Table of Contents
- L’appel à l’aide des assistantes sociales
- Des demandes légitimes face à des besoins croissants
- Les conséquences de l’absence de ressources suffisantes
- Réponses de la direction des HUG
- Une situation préoccupante pour l’avenir
L’appel à l’aide des assistantes sociales
Au cœur de Genève, une mobilisation marquante s’est tenue cette semaine devant les Hôpitaux universitaires de Genève (HUG), où une vingtaine d’assistantes sociales ont exprimé leur détresse face à un manque critique d’effectifs. Réunies sous la bannière du syndicat Avenir syndical, elles ont lancé un cri du cœur : « SOS, assistantes sociales en détresse ! »
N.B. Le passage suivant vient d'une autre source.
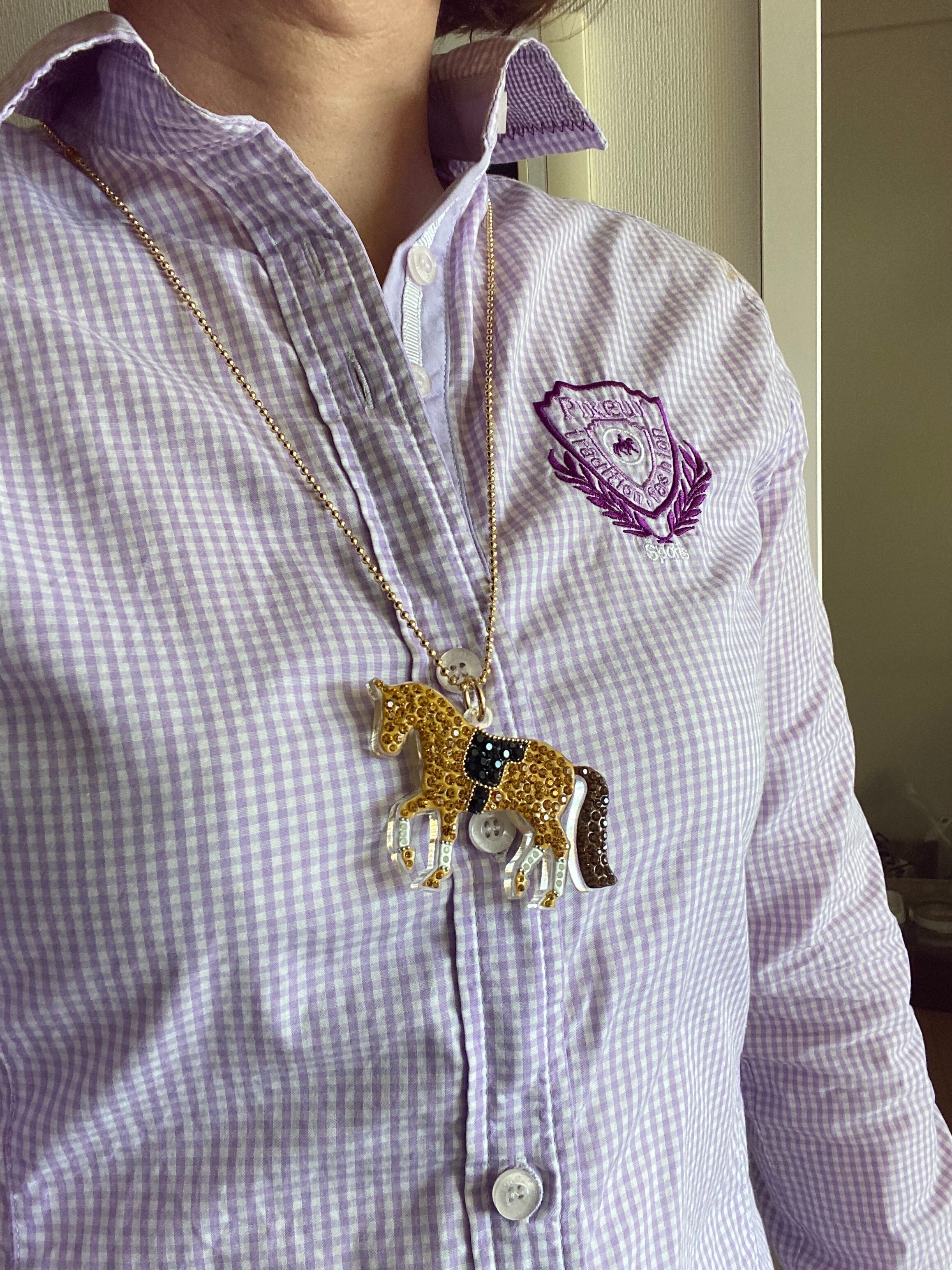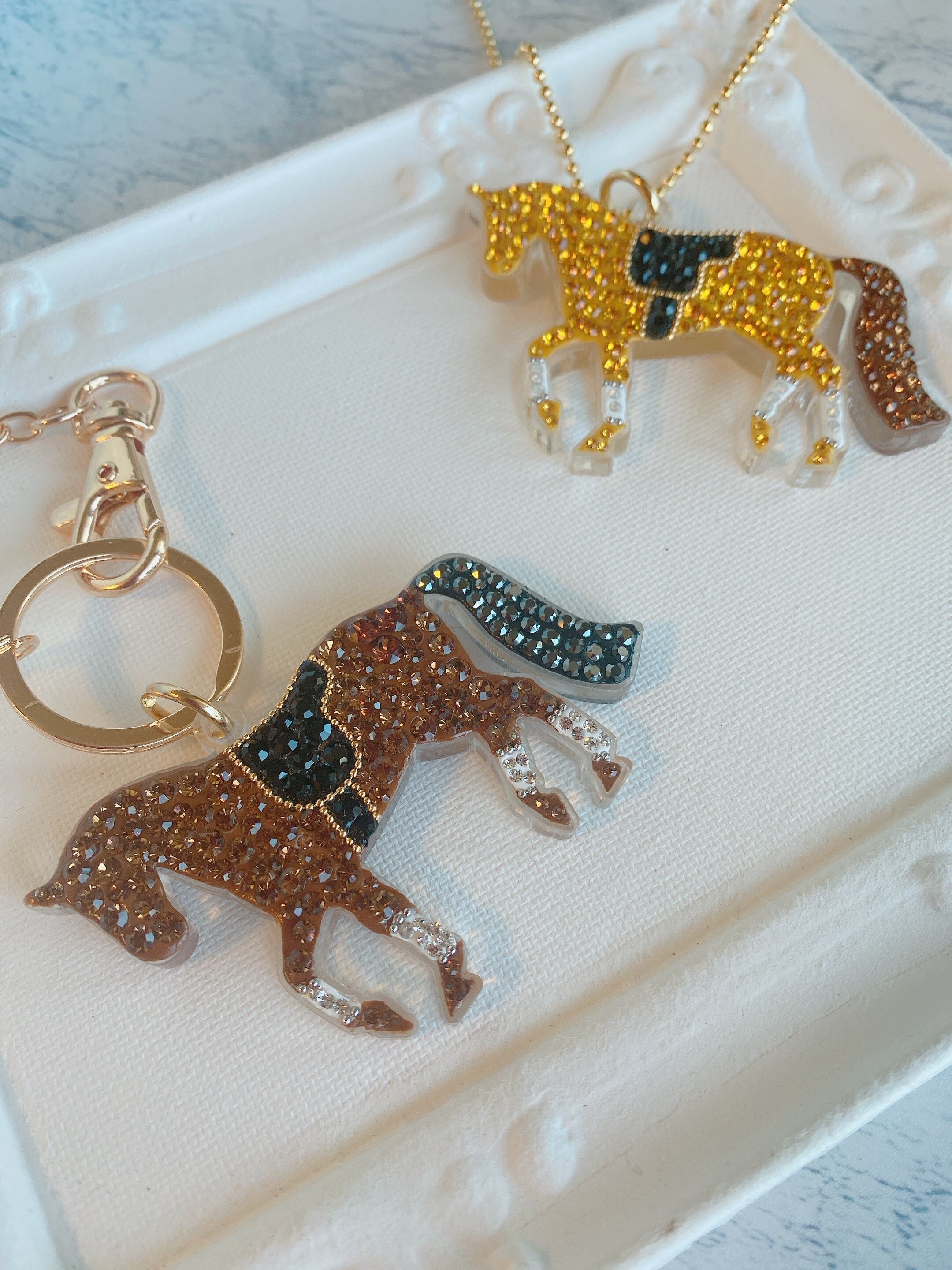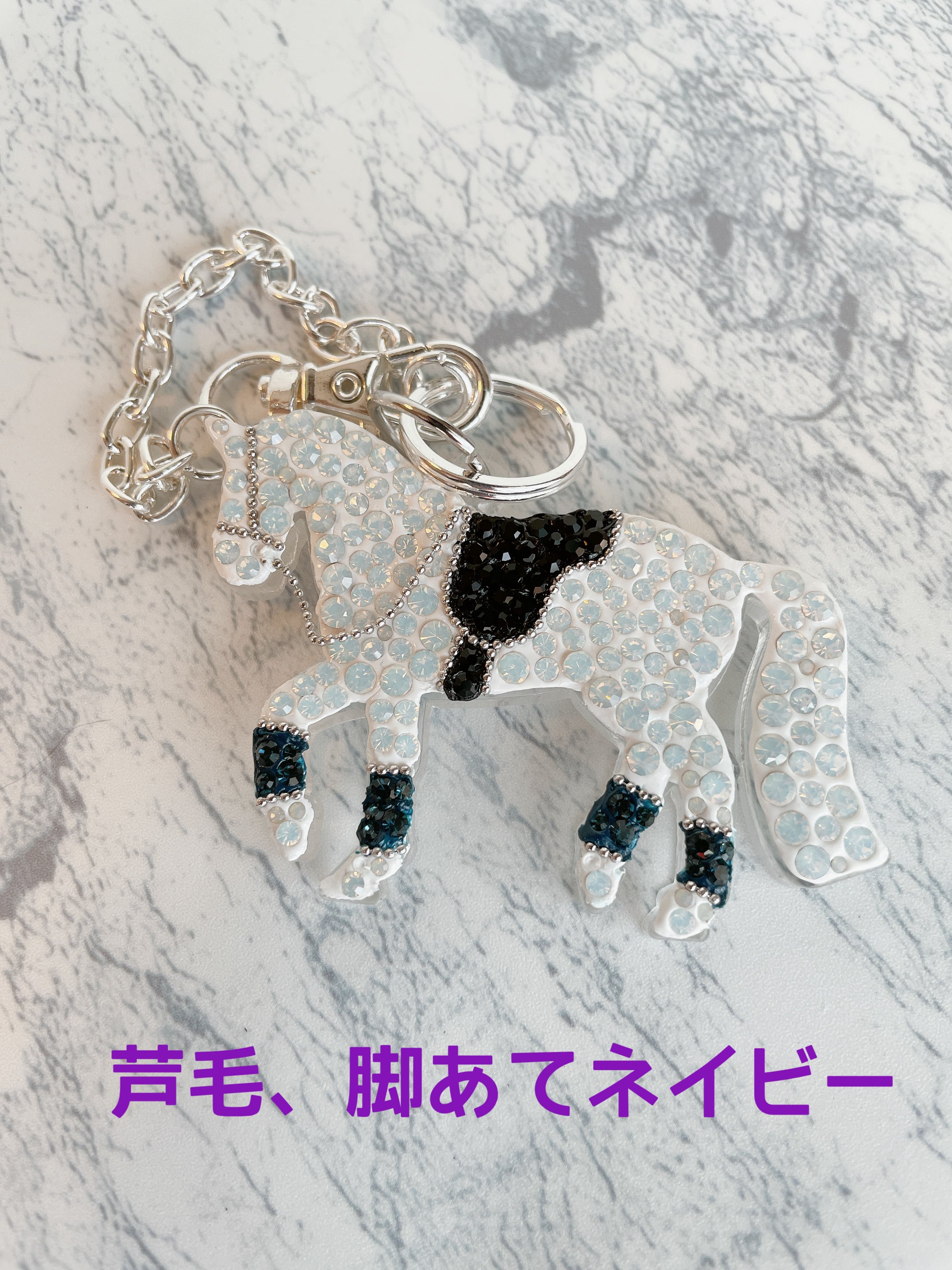 馬のお尻に大きめのスワロフスキー数粒と、馬シルエットをチェーンでかたどるデザイン。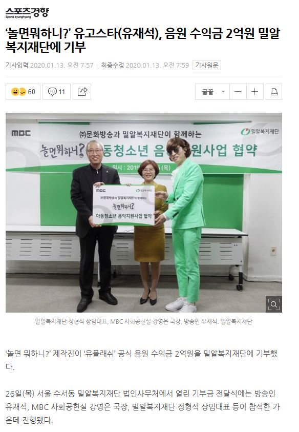 [뉴스엔] ‘놀면 뭐하니’ 유재석 음원수익금 2억원 밀알복지재단에 기부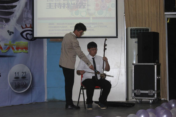 比赛开始环节,十位选手各具风采充满创意的自我介绍,令人眼前一亮,展示了他们平凡中的不凡,在观众心中留下了深刻的印象。第二环节是自由朗诵,选手们抑扬顿挫,感染到了在场的评委和观众,爱情诗,风景诗,爱国诗,令人身临其感。第三环节,“主持我当先”更是精彩纷呈,选手们学着电视上的节目,像模像样地将主持搬到了舞台,引来阵阵欢笑与雷鸣掌声,可见咱们选手不凡的能力。最后一个环节“时事评论”,选手们在30秒内急中生智,犀利点评。在评委和嘉宾激烈地讨论评分时,各类轻松有趣的游戏将现场气氛推至高潮。

Des demandes légitimes face à des besoins croissants
Les assistantes sociales réclament l’octroi immédiat d’au moins cinq nouveaux postes pour faire face à une charge de travail de plus en plus lourde. En effet, selon Yves Mugny, secrétaire syndical, « seul un poste supplémentaire est prévu dans un avenir proche, ce qui ne répond pas aux besoins d’une population en pleine fragilisation. » Au fil des mois, ces professionnelles ont vu leurs conditions de travail se détériorer, ne pouvant plus offrir le soutien nécessaire à des patients souvent isolés et vulnérables.
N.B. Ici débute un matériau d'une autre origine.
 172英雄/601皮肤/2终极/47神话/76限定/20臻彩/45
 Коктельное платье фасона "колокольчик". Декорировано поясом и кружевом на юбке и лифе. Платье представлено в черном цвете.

Les conséquences de l’absence de ressources suffisantes
Le manque de personnel entraîne des situations précaires : de nombreux patients retournent chez eux sans soutien adéquat et certains ne reçoivent pas les aides sociales qui leur sont dues. « Des solutions éphémères » comme l recourir aux intérimaires ne font qu’aggraver la situation. En plus de cela, les assistantes sociales se retrouvent souvent dans des locaux inadaptés, peu sécurisés, ce qui a déjà conduit à des agressions, mettant ainsi leur sécurité en péril.
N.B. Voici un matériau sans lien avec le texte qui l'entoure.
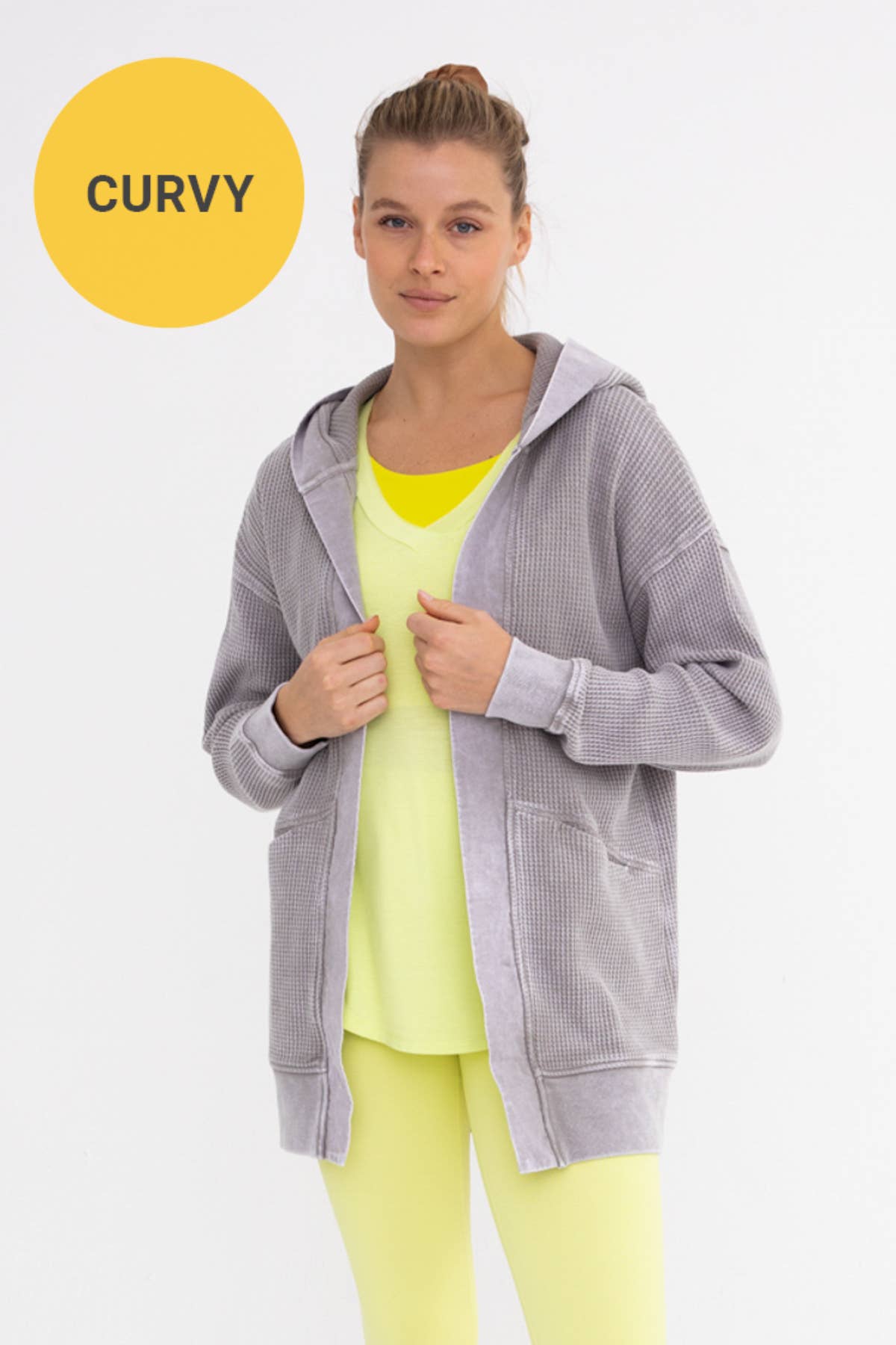 CURVY Waffle Knit Mineral-Washed Cardigan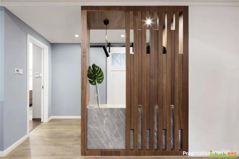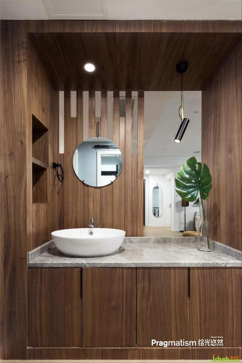 室内设计师将洗面台放置在了过道,可以满足餐厅区域洗手的同时满足卫生间的需求,整个结构与样式为现场制作,采用天然胡桃木饰面板饰面。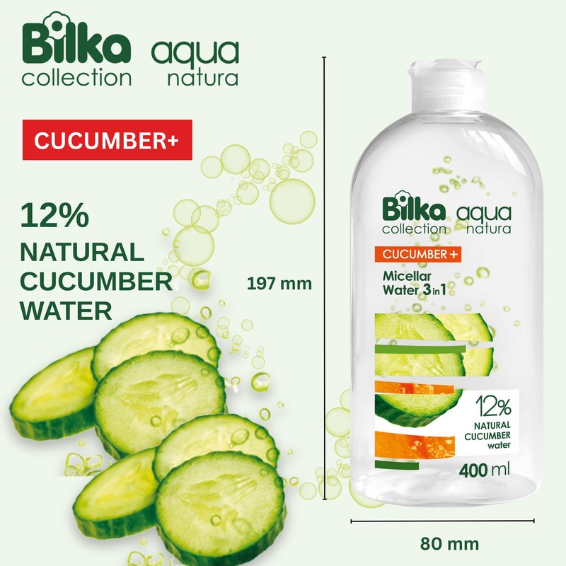 Bilka Collection Aqua Natura Micellar Water 3-in-1 with Organic Cucumber Water - Makeup Remover and Facial Cleanser - Alcohol Free - Gentle Skin Care - 400ml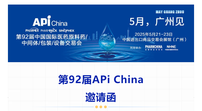 2025 年 5 月 21-23 日,第 92 届中国国际医药原料药 / 中间体 / 包装 / 设备交易会(API China)将在广州・中国进出口商品交易会展馆盛大举办。届时,常州一步干燥设备有限公司将携原料药干燥装备、固体制剂制粒干燥联线、中药配方颗粒智能化生产线等整体解决方案亮相本届展会。常州一步干燥设备有限公司诚邀您莅临 11.3 馆 11.3C01 展位,共探医药干燥领域新机遇!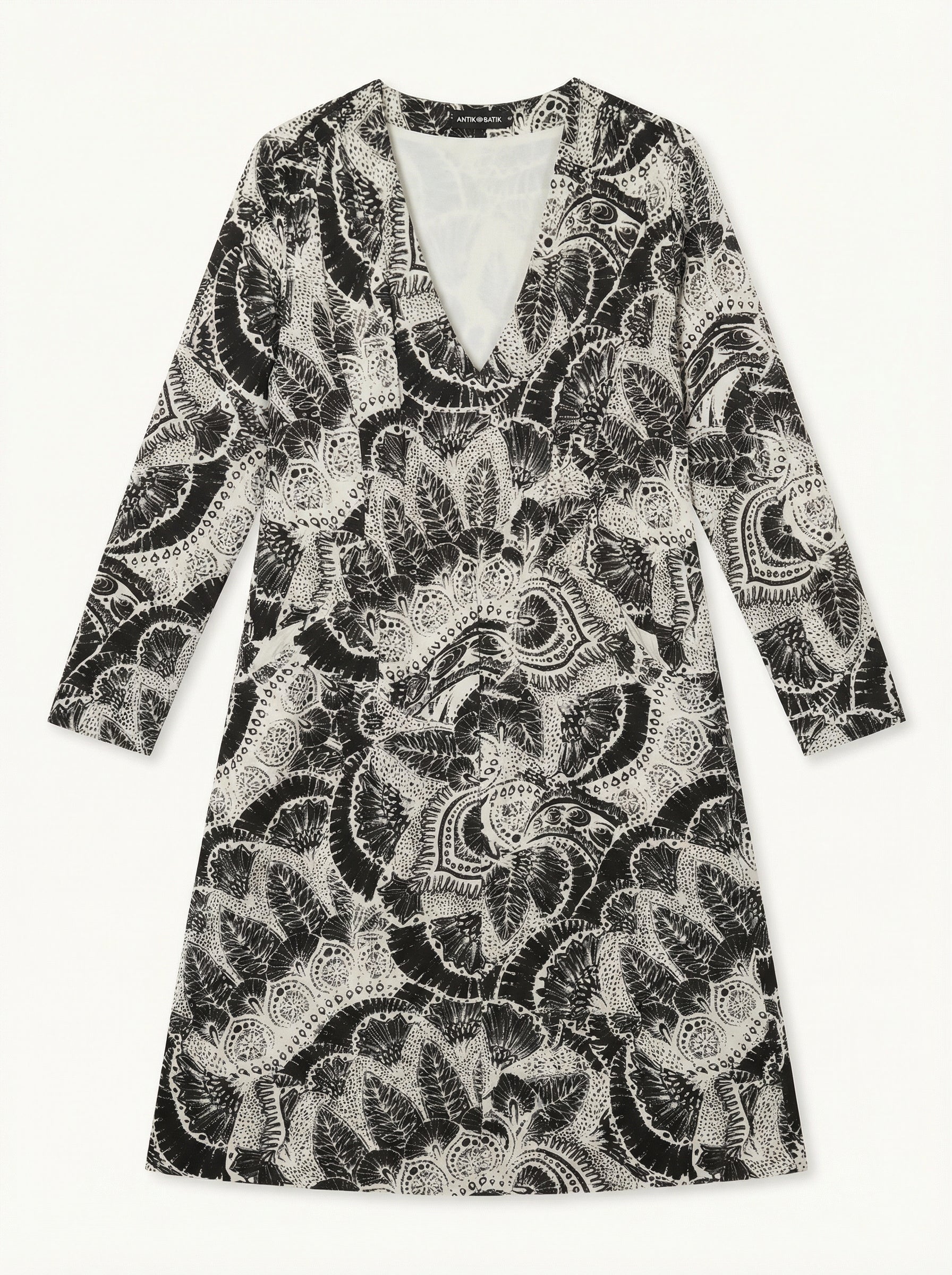 Elegant and comfortable, this lightweight, flowing jersey dress will be your stylish companion for everyday wear. Its black and white paisley print adds a timeless, bohemian-chic touch. The flattering cut and V-neckline elongate your silhouette, while the long sleeves give you the perfect curve. Perfect for a casual day or an evening with friends.

Réponses de la direction des HUG
En réponse à ces préoccupations, le service de communication des HUG a déclaré que l’effectif d’assistantes sociales n’a pas diminué depuis 2015, passant de 61,75 à 69,90. Cependant, ils reconnaissent la nécessité d’une réévaluation qui sera finalisée d’ici novembre, promettant que si des besoins sont identifiés en cours de route, des postes supplémentaires seront ouverts sans délai. En matière de sécurité, des systèmes d’alerte devraient être mis en place pour les situations d’agression.
Une situation préoccupante pour l’avenir
Alors que l’analyse de l’organisation du service social des HUG se poursuit, les assistantes sociales espèrent que leur mobilisation n’est que le début d’un changement significatif. Les revendications qu’elles expriment ne portent pas seulement sur des chiffres, mais touchent directement à la qualité des soins et de l’accompagnement que reçoivent les patients en situation de vulnérabilité. La santé et le bien-être de ces derniers dépendent d’un soutien social solide, d’une priorité qui doit bientôt s’imposer dans le débat public à Genève.